Preoperative Classification of Cataract by Surgical Procedure

	B-MICS (n=40), n (%)	SICS (n=39), n (%)
Cataract type
Nuclear	3 (7.5)	3 (7.7)
Combination	37 (92.5)	36 (92.3)
Density
Slight (1+)	2 (5.0)	2 (5.1)
Moderate (2+)	27 (67.5)	28 (71.8)
Dense (3+)	11 (27.5)	9 (23.1)

B-MICS = biaxial microincision surgery; SICS = coaxial small incision surgery.

Numbers analyzed

A total of 84 eyes of 42 patients were assessed for eligibility. One patient (2 eyes) was discontinued from the study before the surgery due to exclusion criteria. The remaining 82 eyes of 41 patients were allocated to either B-MICS or SICS surgical technique. Of these, 80 eyes (41 patients) underwent cataract surgery. One patient declined to participate for his second eye. One patient had a capsular rupture on the first operated eye and was not implanted with the Akreos MICS IOL. Both eyes were discontinued from the study per protocol.
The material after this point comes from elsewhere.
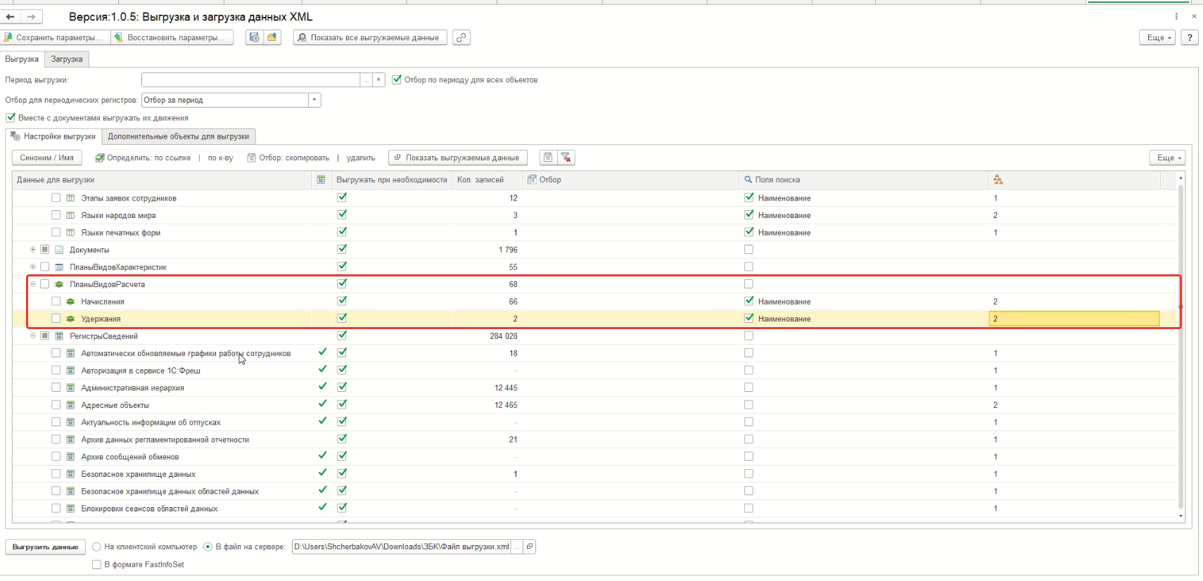 - Подсчет количества записей в таблицах: позволяет не тратить время на настройку выгрузки объектов, которые даже не будут выгружаться. Расчет количества записей производится по двойному клику в соответствующей колонке. При клике в конкретной строке метаданных выводится количество записей этой строки, при клике на типе метаданных (например, Документы) будет рассчитано количество всех вложенных строк;

A total of 79 eyes (40 patients) were included in the FAS and 76 eyes (39 patients) were included in the PPS. No differences were identified between the FAS and PPS analysis, and outcomes are reported on the FAS population.

Visual acuity

Table IV(top) shows the mean BCVA at baseline and the changes from mean baseline BCVA at all visits. At postoperative day 1, the change in mean BCVA was statistically significantly greater in the eyes that underwent B-MICS than those that underwent SICS (−1.1 vs −0.5; p=0.005; 95% CI −0.26 to −0.05), corresponding to a gain in acuity of 3 lines (15 letters or −0.3 logMAR) or greater in 20% of the B-MICS eyes and only 5.6% of the SICS eyes (p=0.005). For the subsequent visits, no significant between-group differences were identified in change in BCVA from baseline. Figure 1 displays the mean ± SD BCVA and Figure 2 the changes in mean BCVA from baseline.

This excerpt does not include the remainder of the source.